They were angry with him in that way you get angry when a child didn't come when you called, and you imagine the worst. Then he got hugged. And then the maternity ward began to break down. They say there is no stress induced pregnancy but woman after woman came in with blood pressure problems or in labour or both. The ward filled, there were women on trollies in the corridor - we were not on the labour ward but one woman ended up in the advance stages of having her baby in the maternity ward with me. They pulled the curtains round her bed, she was calling for her husband - her parents didn't know where he was, he had not done an Alaric, he was either dead, injuried or stranded in a motionaless London.

There was not enough beds or staff and bloody foot prints appeared and stayed on the floor. I was bewildered.

After much trying we got hold of as many friends and family as we could, checking they were all ok. More than one had had a near miss, were sitting still in London, sitting on steps crying or telling me how eeri it was with all the traffic stopped, with the hush, and with everyone being kind. London is normally a free for all, pushing, rushing, ignoring the press of humanity but that wasn't what was happening. Everyone was milling, quiet and in shock, everyone knew they were the lucky ones.

Everyone had been expecting the attack since 7/11 in the US, in truth London commuters had been being a bit nicer to each other since that point all fearing that this day was coming. If your train was delayed by more than ten minutes and you had no reception but someone else did - they would lend you their phone to phone and say you were alive. This affect multiplied on the day, I did not really register the stories at the time - I was too ill and mainly wanted to know that the people I cared about were fine.

That is not saying that I had no feelings for those who weren't, it was horrific but I needed to know my friends were fine.

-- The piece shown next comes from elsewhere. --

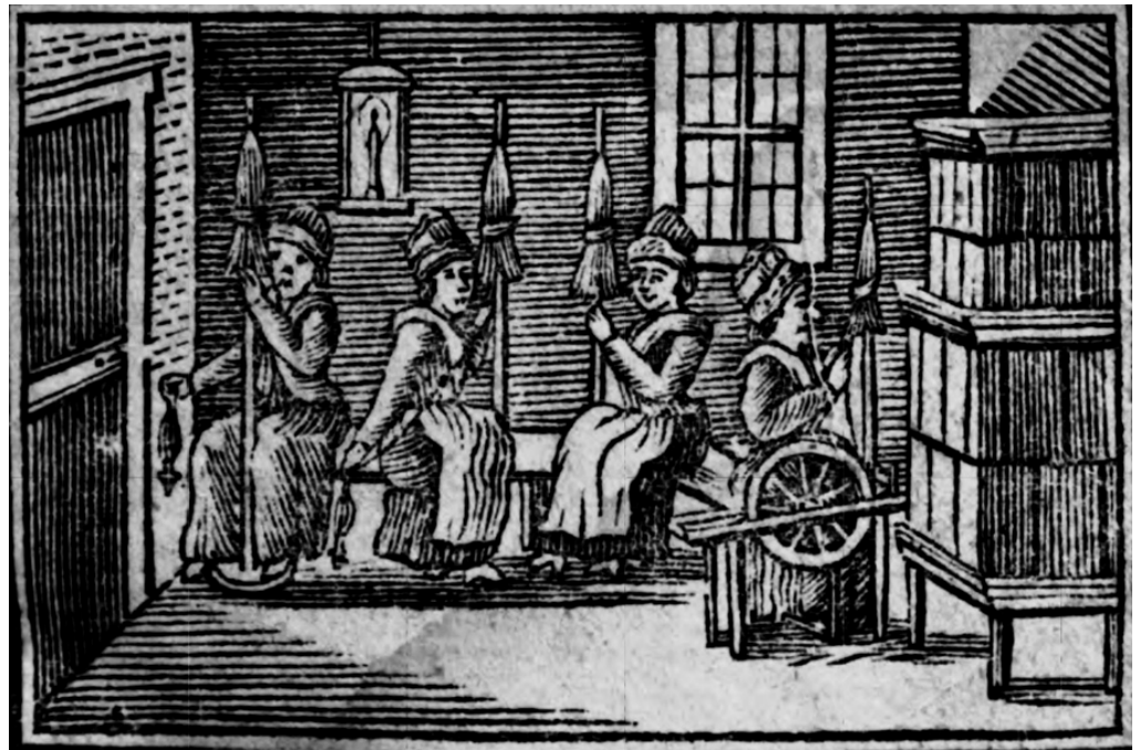
Figure 2. Title page of Ehrenfels's book Lessons for housemothers in their business ( Der Erdmuthes Hülfreichinn Unterricht für Hausmütter in ihren Geschäften ), published in 1807. The engraving depicts women making yarn from wool with a spinning wheel.

When he got home Alaric found we'd been added to shout outs, it was before the days of social media but we did have blogs and mailing lists and everyone was checking that we were ok. People were worried.

My friends and family were lucky, but mum's friend son - not so much. He's alive due to the carriage he got in but bar the shock of the actual explosion and minor injuries he then had to be escorted past the carnage. Last I heard he still hadn't gone back to work, not all the scars were physical ones, not all of them could heal.

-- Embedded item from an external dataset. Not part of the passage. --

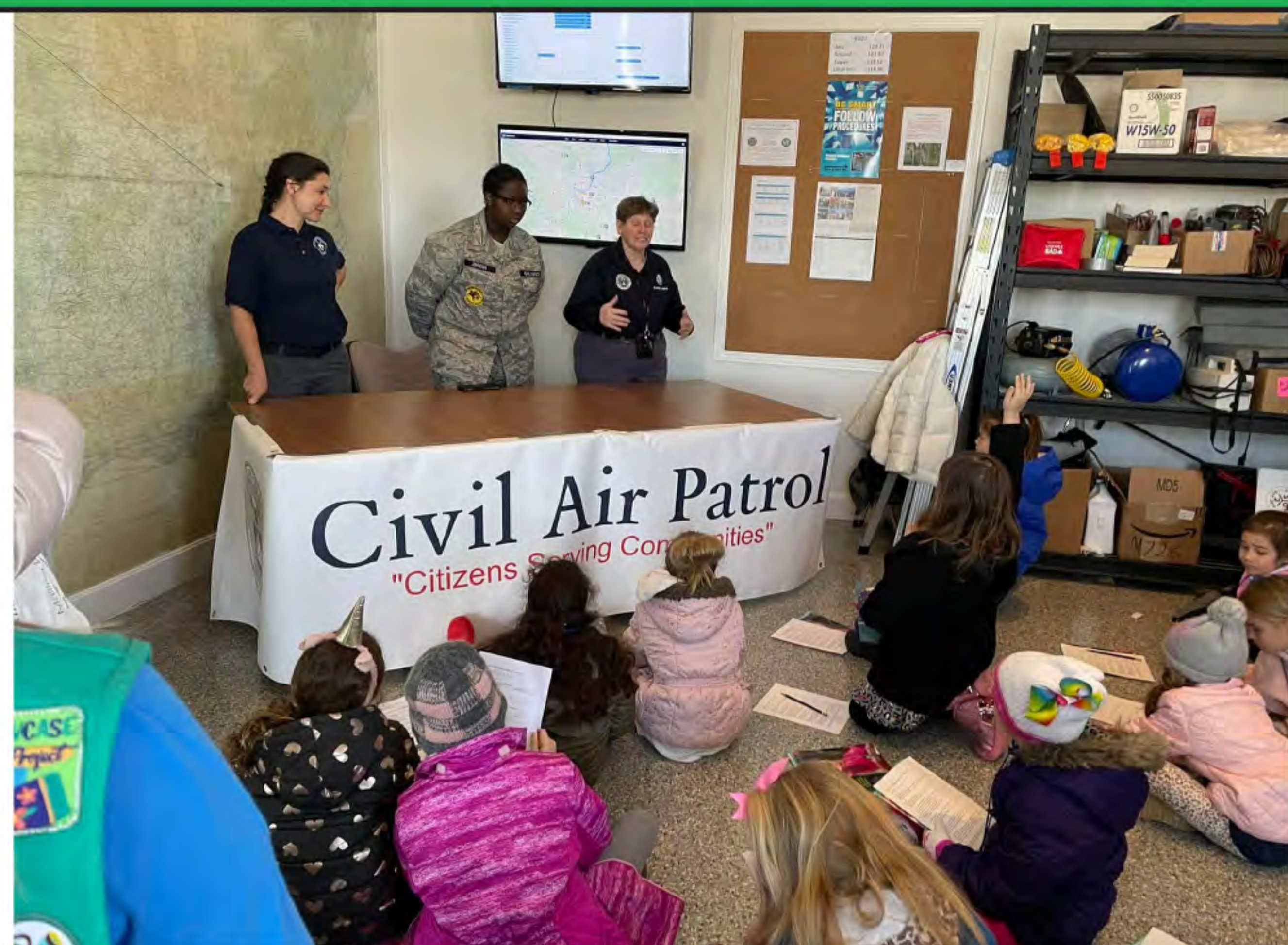
Civil Air Patrol leaders and cadet.

Much later on I realised that it had been even more of a close call for our little family, if I had not been ill and in hospital then we could all have been on the train. It's a strange twist of fate and one that wedges inside me, that me almost dying potentially saved all three of our lives. I say potentially because we might have been late or delayed or I might have weed myself on the way to the station or a million other things, but all of those things are nothing but grace as was me being so ill Alaric felt justified in not going to work that morning.

Terrorism is a horrendous thing, life taking for political gain, for power, religion, to make a point, to drive the wedge... murder is the only name for it.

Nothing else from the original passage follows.